Офицеров в собрании — битком. Кто курит, кто рассказывает похабный анекдот, а подполковник Прилуцкий, командир полка, с прапорщиком Пенчо и еще несколькими склонились над круглым столиком. На столике — на круглой желтой папке — скачки. Картонные жокеи перескакивают на картонных конях с линии на линию к финишу. Кинет офицер кости — сколько очков? — и хватает жокея своего за шею, двигает ближе к финишу. Азарт.

Пенчо поднял голову:

— А, пришел? Иди — пришивайся…

Строитель осторожно подходит к столу, глядит будто в сторону, а рука уже зацепила бутылку.

Стакан. Еще стакан. И строитель распрямляет плечи и даже крутит желтые усы. И если бы он сейчас завидел вестового, сказал бы ему обязательно «ты» и, не боясь, выругал бы его даже по-матерному.

Так всегда: когда винная влага подкрепит тело и душу, строитель даже и на офицеров поглядывает гордо. А к ночи, похаживая, говорит:

— А мне чего-то хочется. А мне чего-то хочется.

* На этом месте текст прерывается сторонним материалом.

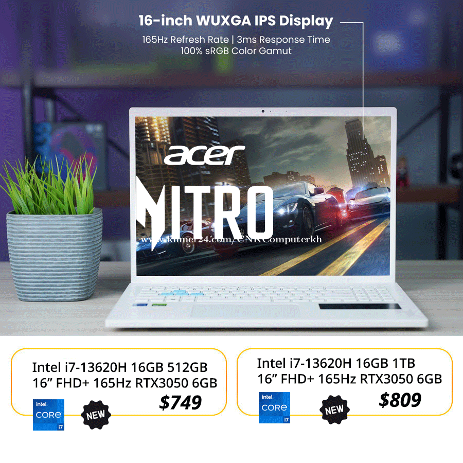 Acer Nitro Lite 16 White Edition $749 --------------------------------------- - CPU : 13th Gen Intel i7-13620H Processor - RAM : 16GB DDR5 - Storage : 512GB M.2 PCIe - Display : 16" WQXGA IPS 165Hz - GPU : NVIDIA RTX 3050 6GB - Windows 11 Pro Recommendation - Backlit Keyboard - Weight : 1.8Kg | Color : White ☎️ ទនាក់ទំនង 0930957xxxClick To Call 77 💬 Telegram : t.me/cnkcomputer93 🌐 Website: https://cnkcomputer.com/

И, выкидывая важно ноги, выстукивает каблуками высоких и гладких сапог к выходу.

— Адье, господа офицеры!

И знает он: господам офицерам того же хочется, что и ему. А вот не свободны господа офицеры: без приказа из Вышек не уйдут. А он, не офицер, строитель жалкий, — всех офицеров выше. Захотелось ему — на коня и — фьють!

— Адье, господа офицеры!

И уж ловчее вскакивает он в седло и вскачь несется по полю в лес. Льдинки бьются под быстрыми копытами, Дышит лес холодным ветром, солдаты шарахаются и отдают честь.

Хорошо пьяному человеку проскакать на свободе сквозь холод и тьму к теплу, к…

— А мне чего-то хочется, — присвистывает строитель и шпорит кобылу. — А мне чего-то хочется.

И сосны белыми лапами укрывают его фигуру.

А господам офицерам — сидеть в офицерском собрании и пить. И как уедет строитель, так будто безнадежнее смыкается круг: утром и днем — ученье, вечером — вино и азарт.

Прапорщик Пенчо боится пить. Как выпьет, так заснет. И после того трое суток голова ноет и мучает тошнота. Прапорщик Пенчо и без вина пьян. И без вина не может усидеть на месте: вечно вертится, черный, увертливый, маленький, — и швыряет словами, не договаривая.

— Пришивальщик, черт его… — сказал прапорщик Пенчо, когда уехал строитель, и лег на скамью, лицом в застланный дымом потолок; и сквозь дым, сквозь пьяный шум глядел в Польшу, в то лето, с которого все пошло: днем — пески, ночью — звезды. И ночью темная громада людей, коней, орудий и обозов медленно, как огромная черепаха, движется на восток. А на востоке, на западе, на севере, на юге — везде, куда ни оборотить засыпающий взор, полыхает пламя, жадно облизывая черное небо. И все — пески, звезды и движущаяся сквозь тьму громада, — все заколдовано в огненный круг зажженных врагом деревень. И вырывается темная громада из круга.

Давно разомкнут круг, давно вырвался полк, — а вот осело навеки в памяти, и мучает, и толкает. Куда — неизвестно.

— Скоро в наступление пойдем, — успокаивает подполковник Прилуцкий.

А у самого — рожа красная, шея — жирная, и не цигарка — толстейшая цигарища торчит из черного рогового мундштука.

— Дело ясное. Россия не может никак погибнуть. Россия, братец ты мой, весь мир победит. Как же иначе?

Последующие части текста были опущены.